Obviously the a priori aspect of the previous statements does not have the solidity of identity and equivalence proper to "analytical judgements" of mathematics, therefore tautological (Wittgenstein), especially since they have been formalized and axiomatized c. 1900. Our "synthetic a priori judgements" presuppose some experiences and therefore are revisable and approximative as is the case with any experience, and even exprimentations (verifying hypotheses strictly defined). However they involve apriority in the general sense of the word, since what they state is not simply factual, nor solely constant, but somehow necessary (what cannot not be, Leibniz).

C: The why? and the what?

All these contemplations of the Universe, even if they do not respond to the "why?", the "how?" and the "who", illuminate considerably the "what?" Above all, these questions show Homo the Technician that the Universe is not a technical object, as he is prone to understand, and therefore that it is pointless about the Universe putting forward technical questions such as : "with what purpose?", " by what means?", "by whom?" So, even in the most technical West, Homo has frequently persevered referring to the Ultimate Reality in terms such as Physis (pHuestHaï, to generate itself spontaneously) or Natura (nascere, to be born spontaneously), in which the Universe is experienced, not as a technical object, produced volontarily, intentionally, but as something which, for want of anything better, we routinely label a "natural object" to mark an almost autarkic event.

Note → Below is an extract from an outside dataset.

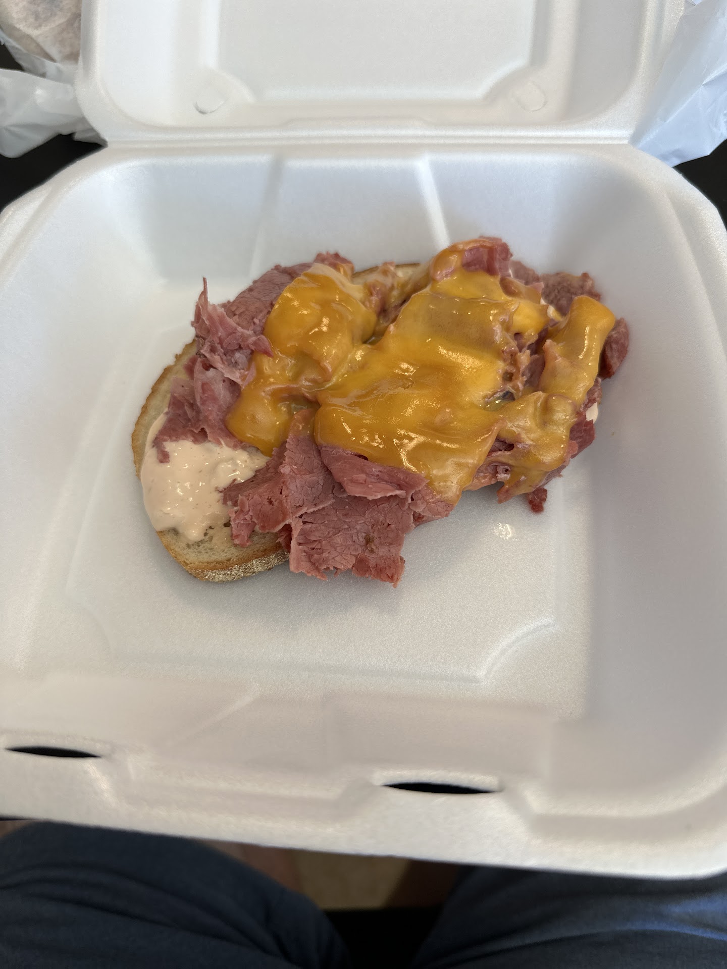 They still have their signature open-faced Reuben, and it's tasty enough, but everything else seems a little low-rent. In place of the ceramic plates, they have paper plates and styrofoam boxes. Gone are the table signs and the NYC based decor. There's no flatware-- just flimsy plastic forks and knives.

Meanwhile other question, more approprieted, emerge. Is this natural object a Cosmos-Mundus (non-immundus), as the Greeks and Latins claimed, a reality rationally ordered according to eternal and intelligible principles to such an extent that Homo could see himself as the Microcosm within (of) this Macrocosm? Or, very differently, is this natural object proprio sensu a Universe (something simply just "turned-towards-one", lat. versus unum) in a combination, as we have just seen, of entropy and negentropy, Relativity and Quanta, (re)sequencing sequences, alternating quantum coherence and discoherence, universal constant specifying multiversal constant? In particular, in the conversion of "quantum coherence" into "quantum discoherence", which has undergone intense testing for the last few years, are we encountering the "spooky reality" that Einstein was afraid of in 1933, or rather an "ordre of another kind"? A principle not of Order but precisely of Evolution? In such a way that we no longer must say that our Universe experiences Evolution, but that only an Evolution, or better "the Evolution" as such, can give rise to a Universe. So the sentence : "Evolution is the sole conceivable process of a Multiverse" could be a synthetic a priori judgement even more basic than "the whole Universe presupposes a Multiverse".

Whatever the outcome, we begin to understand that Homo the Technician is always about to become, somply as a physicist, a metaphysicist. According to the two meanings of the Greek prefix "meta" : (a) following spatially the Aristotelian texts on Physics: (b) going epitemologically and ontologically beyond the physics.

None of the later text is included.